Everything was going too well. I lost 11 pounds. My bank account was resucitated. My vacation was wonderful. I found the perfect white purse and even more perfect white sandals. Life was humming along nicely. I even came home from Miami to an unexpected refund check. Maybe that check was the straw that broke the camel's back. Maybe it tipped the scales too far, and balance needed to be restored. Whatever the reason, ever since 6:30 p.m. on Sunday, everything that can go wrong, has gone wrong and worse.
It all started with the funny smell that pummeled my olfactory nerve the second I lugged my suitcase in the house. The scent of wet dog and garbage converged on my poor nasal passages alerting me to the fact that something was wrong. I checked the kitchen and the sink was empty and the garbage had been taken out. I had no idea what could be wrong, so I left the windows open and hoped the aroma was the remnants of a rotting meal that had since been brought outside. But like my parents often did when I was a child, I was pointing the finger in the wrong direction. When my roommates (just got a new one) arrived home, they showed me the real culprit. The basement was drowning in an inch of water, lovely stagnant, bubbling, brown tinged water. I attributed the problem to the ever problematic roots that like to grow into my main pipes and called Mr. Rooter to fix the problem. After wasting enough water to hydrate the Sahara, Mr. Rooter determined that my pipes were A-Okay and charged me $24 just for showing up and doing no work (which makes me wonder how I can find such a gig).
First thing the next morning, I called the city in an attempt to blame the problem on a sewer back up. Unfortunately, the sewer wasn't to blame either. Turns out, my trusty water heater decided to overheat then throw up all over my basement. FUCK!!!

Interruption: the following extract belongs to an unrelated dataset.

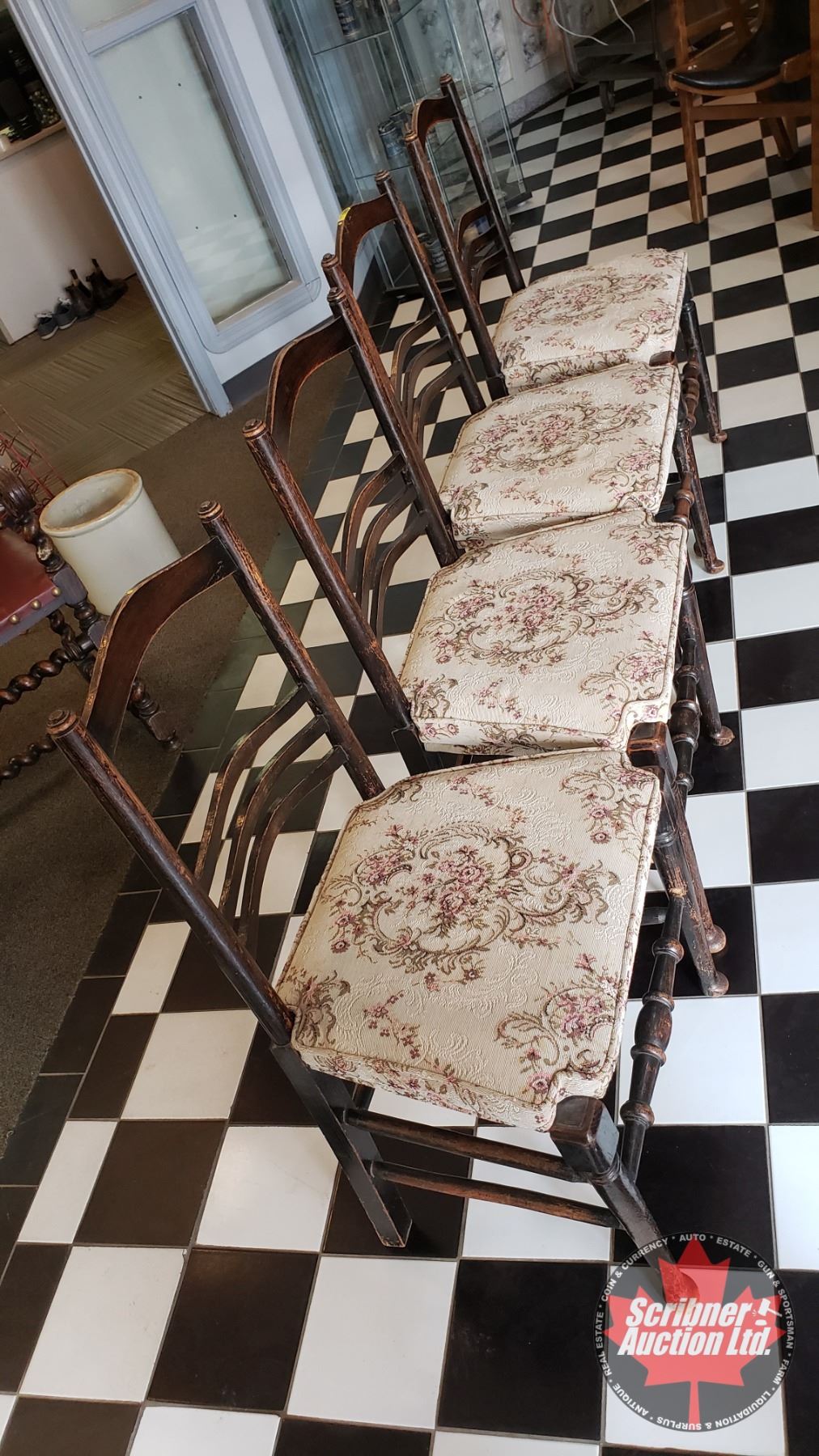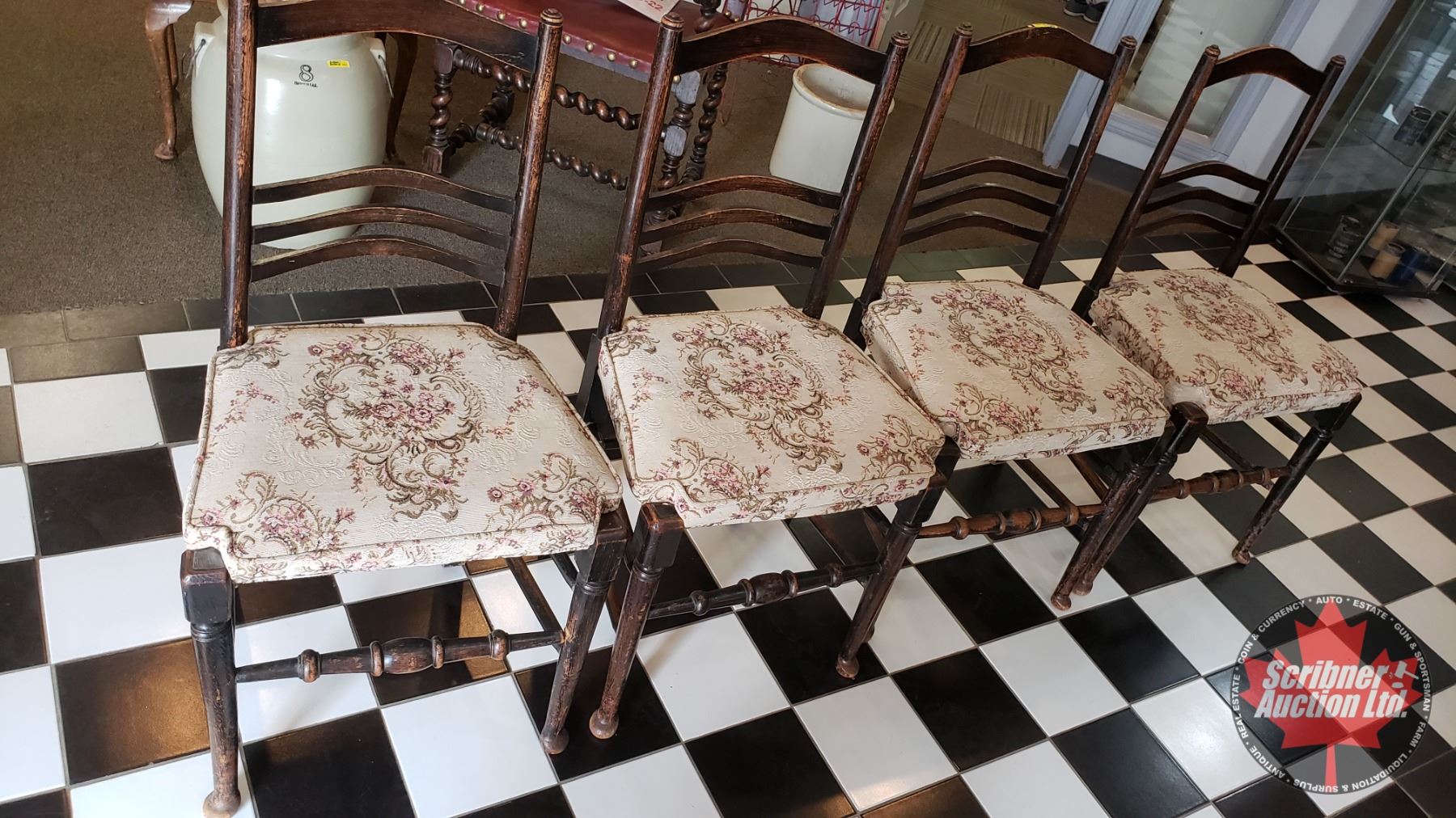 4 Antique Dining Chairs - Upholstered Seats (3 Rung Ladder Back) (37-1/2"H to top of back x 19-1/2"W Seat x 16"D Seat)

Knowing the source of the problem was a good thing, learning about the remedy has sent me into a tailspin. Replacing the water heater was damn near $600 bucks. But then there's the clean up. Since the water had been sitting in my basement for approximately 72 hours, I now have millions of microorganisms as pets. Yippee! I hope there's enough kibble in the cabinets to feed them all. Fortunately, I found out that home owner's insurance will cover the damage. Unfortunately, there's a $1000 deductible. FUCK!! Fuckity, fuck, fuck, fuck!!!
It's not that I don't have the money. I've been saving for a rainy day, and it fucking poured. The thing is, I don't want to spend over $1500 on home repairs. That's $1500 that I can't put towards a car, or moving expenses, or a yacht party with strippers. What the hell am I going to do with a water heater? Cold showers would probably do me some good.
On top of this calamity, I got a heartfelt "thanks but not thanks" letter about a job, I was just sure would get me back to civilization. It's back to the drawing board, searching job postings, submitting resumes, interviewing, ass kissing, and so on and so forth. I hate this process. To add insult to injury, several hours of searching monster.com have shown me that even with a B.S. degree from an Ivy League school and 3+ years of work experience I'm not even qualified to be a junior administrative assistant. FUCK ME!! Please.